Stablecoins are cryptocurrencies pegged to stable assets like the U.S. dollar. They combine the benefits of digital currency—such as fast transactions and low fees—with the stability of traditional fiat currency.
How do Visa and Mastercard use stablecoins?
Both companies are integrating stablecoins into their payment networks for settlements, remittances, and card services. This reduces transaction times and costs, especially for cross-border payments.
Will blockchain payments replace traditional systems?
Blockchain will enhance existing systems rather than replace them. It addresses inefficiencies in settlements and international transactions but won’t overhaul the fundamental business relationships that define the payment industry.
Are stablecoin payments secure?
Yes, stablecoin transactions leverage blockchain technology, which offers transparency, immutability, and security. Visa and Mastercard additionally incorporate compliance checks and safeguards to meet regulatory standards.
Which countries support stablecoin payments?
Stablecoin-linked cards and services are currently available in select Latin American and European countries, with plans for expansion into Asia and Africa.
What is the future of stablecoins in payments?

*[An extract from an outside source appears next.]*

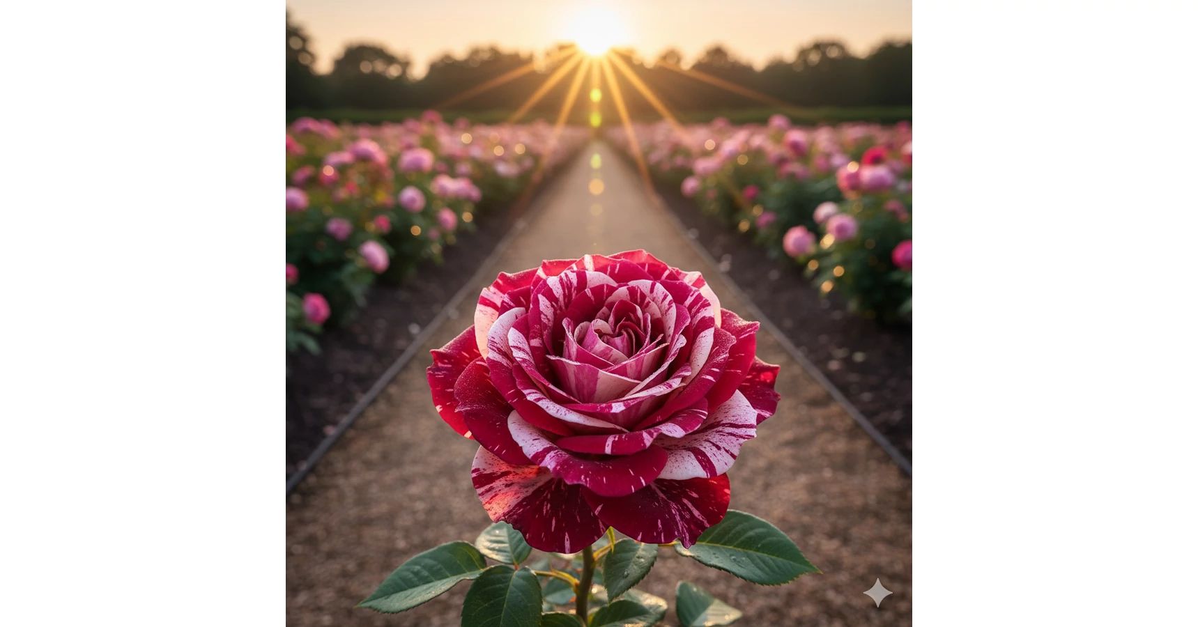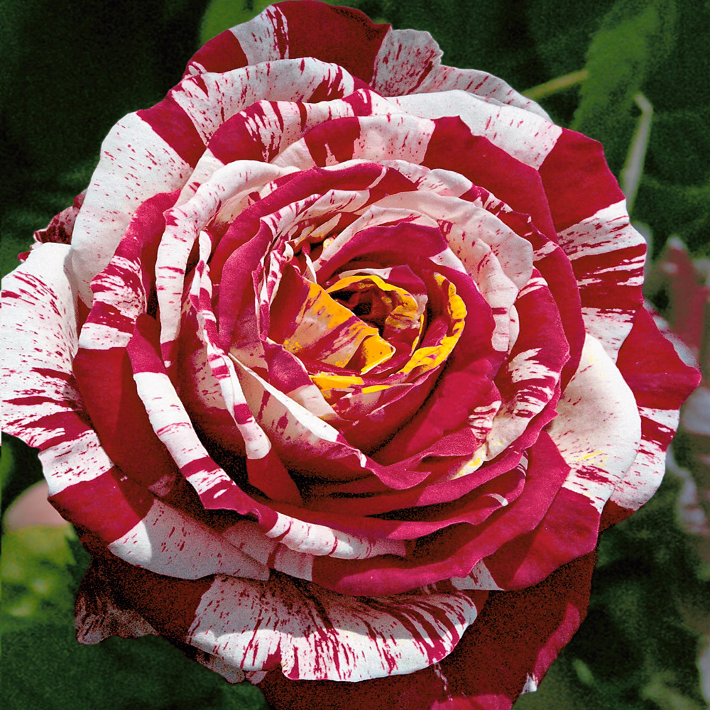 Are flori cu petale dungate în nuanțe de magentă intensă și alb, involte, cu de la începutul verii până toamna târziu. Acest trandafir are înflorire continuă de la începutul verii până târziu în toamnă. Plantă viguroasă, cu tulpini viguroase și sănătoase.

Stablecoins are poised to become a core component of digital payment systems. As regulatory clarity improves and technology advances, their adoption for everyday transactions and enterprise solutions will grow.
Conclusion
The competition between Visa and Mastercard to integrate stablecoins and blockchain technology marks a pivotal moment in the evolution of global payments. By addressing longstanding inefficiencies and reducing costs, these innovations promise to benefit consumers, merchants, and financial institutions alike. While the battle for Web3 payment dominance is just beginning, one thing is clear: the future of payments is digital, decentralized, and driven by stablecoins.